Sunday, June 22, 2008

Affirmation

I get asked regularly about the streak at the front of my hair, and I tell people the truth, that it's partly natural, as I'm turning very white there, but I enhance it and even it out, which is why it looks blonde. But there's actually more to the story.

Back in 1998 (holy cow, 10 years already!), it was the June after my soon-to-be-ex and I moved apart, and I felt as if my life had been a total failure. Not only did I no longer have my marriage, my life and home I had known before, but I had been fired from a job that I had loved, and with it, I knew, a career was gone as well. My salvation came from two places, the therapist I saw who had been somewhat helpful, and a dear old (gay, and very platonic) friend who stepped back into my life unexpectedly, two days after losing my job, after not having seen him for about 8 years.


He was in a bit of flux himself, and he and I hung out over that summer, and found I was able to make lemonade, so to speak, out of my unemployment and my lack of ties. We hung out at his family's lake house near me, we cooked on the grill and smoked cigars on my patio, we drove up to Boston to hang out with his sister, who became a good friend of mine. A bunch of us went on a great camping trip to Fire Island, full of lazy afternoons, and moonlit margarita epiphanies. It turned out to be a wonderful summer, and helped me get my head around my new, single life.


During that time, I let go of a lot of things, and one of them was coloring my hair, something I had been doing since I was in my 20's. I was curious to see what it really looked like, and as it grew in, I had this chunk of white hair coming out near the front that I liked. As it continued to grow out, though, I did recognize that most of my head was this steely salt and pepper look that was unflattering and aged me quite a bit. I knew that I'd be coloring it again before I got serious about finding a job.

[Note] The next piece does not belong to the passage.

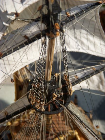 . Dann ist mir wieder ein Fehler unterlaufen: Ich hab das Rah des Bugsprits dort plaziert wo der Fockstag den Bugsprit erreicht, so ist es auch beim Londoner Modell. Aus optischen Gründen (Knick zwischen Fockstag und Grossstengenstag) musste ich mit dem Fockstag mehr (ca. 5mm) zur Gallion gehen müssen damit die beiden Dinger in einer Linie sind, dadurch wanderte jetzt aber auch das Bugspritsegel etwas mehr zur Gallion. Es hätte doch etwas mehr nach vorne gehört, nach vielen Versuchen hab ich mich aber für die umgesetzte Lösung entschieden da sonst das Segel irgend wie komisch alleine da vorne in der Luft gehangen hätte, so bildete es eine Einheit mit dem Stag. Wollte ich das ändern müsste alles nochmal runter und die Masten müssten gekürzt werden damit die Stage wie jetzt in einer Linie laufen und dann das Segel weiter vorne sitzt, das tu ich mir aber nicht an

In the meantime, my ex and I had been play-acting at "staying friends," and one evening, when I had occasion to see him, the first thing he said when he saw me was, "What the hell are you doing with yourself? You've totally let yourself go, and your hair looks like shit!" Now, this was typical of how he had treated me while we were married, and a large part of why I wasn't with him anymore, but I decided to let it go. After all, I *had* decided that I needed to color it again, right?

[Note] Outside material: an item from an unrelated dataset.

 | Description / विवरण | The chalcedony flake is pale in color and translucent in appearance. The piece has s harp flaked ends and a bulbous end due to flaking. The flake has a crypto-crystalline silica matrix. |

I had made up my mind in advance of this that I wanted to get taken out to dinner; I was unemployed and broke, so this was the least he could do. So I swallowed the anger, and we headed out to dinner, where things went from bad to worse. Over the course of the meal, he proceeded to tell me just how disappointed he was in me. When he married me, I had so much potential, so intelligent, and yet I had failed to make anything of myself or do anything meaningful with my life. He was relentless, and I wound up needing everything I had not to burst out into tears right there in the restaurant. I finally had to cut the dinner short, and lost my composure as we exited the place.


He continued on the drive back to my house, despite my tears, telling me that he had been so glad when I told him that I was seeing a therapist (he had refused to see a marriage counselor with me), and that he had expected that I would have learned a few things and made some progress with her over the several months I had been seeing her. I told him that I had, and that one of the important things I had taken from my sessions was that it was important to surround myself with people who cared about me for who I already am, and who support me.

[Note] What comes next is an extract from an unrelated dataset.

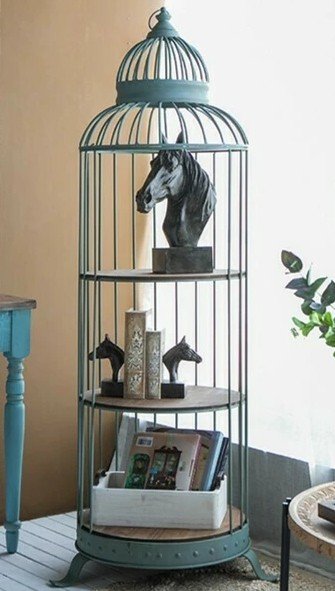 存在感抜群なバードゲージモチーフのオープンシェルフ。

"Oh, so the woman with only one eye needs to surround herself with blind people so she can feel good about herself," his voice dripping with scorn. His remark is so frozen in my memory that I remember everything about it, even exactly where we were on the road. It couldn't have hurt more if he had struck me, and I knew at that moment that I would never, could never, regard him again as a friend.


A couple of days later, as I looked in the mirror, hair color bottle ready to go, those gray roots kept making me think of that awful conversation, and there was a part of me that wanted to keep it that way as a promise to myself that I would never, ever allow myself to be treated that way or spoken to that way again. So, I decided to keep that white section without color, and I called it my affirmation. For a long time, whenever I'd notice it, that day would come to mind.


It's been nearly ten years now, and the white section has grown considerably, enough that it would be hard to get it ,these days, to the dark chestnut that covers the rest of my head. I hardly ever think about my ex when I look at it anymore. I suspect that perhaps it has changed from being an affirmation of self to a talisman that protects me, as I've never even come close to a relationship with any man who would be so uncaring and cruel. I'm told it's my "trademark," and I get strong protests from my family and friends (most of whom do not know this story) when I talk about changing it, so for now, it stays.

1 comment:

Barry Leiba said...

Hoo!
You've told me some about your ex-, but you've not really gotten the severe nastiness across to me before this. What a horrible person! Yeah, I can see the affirmation aspect there, and the reminder to avoid anything like that again.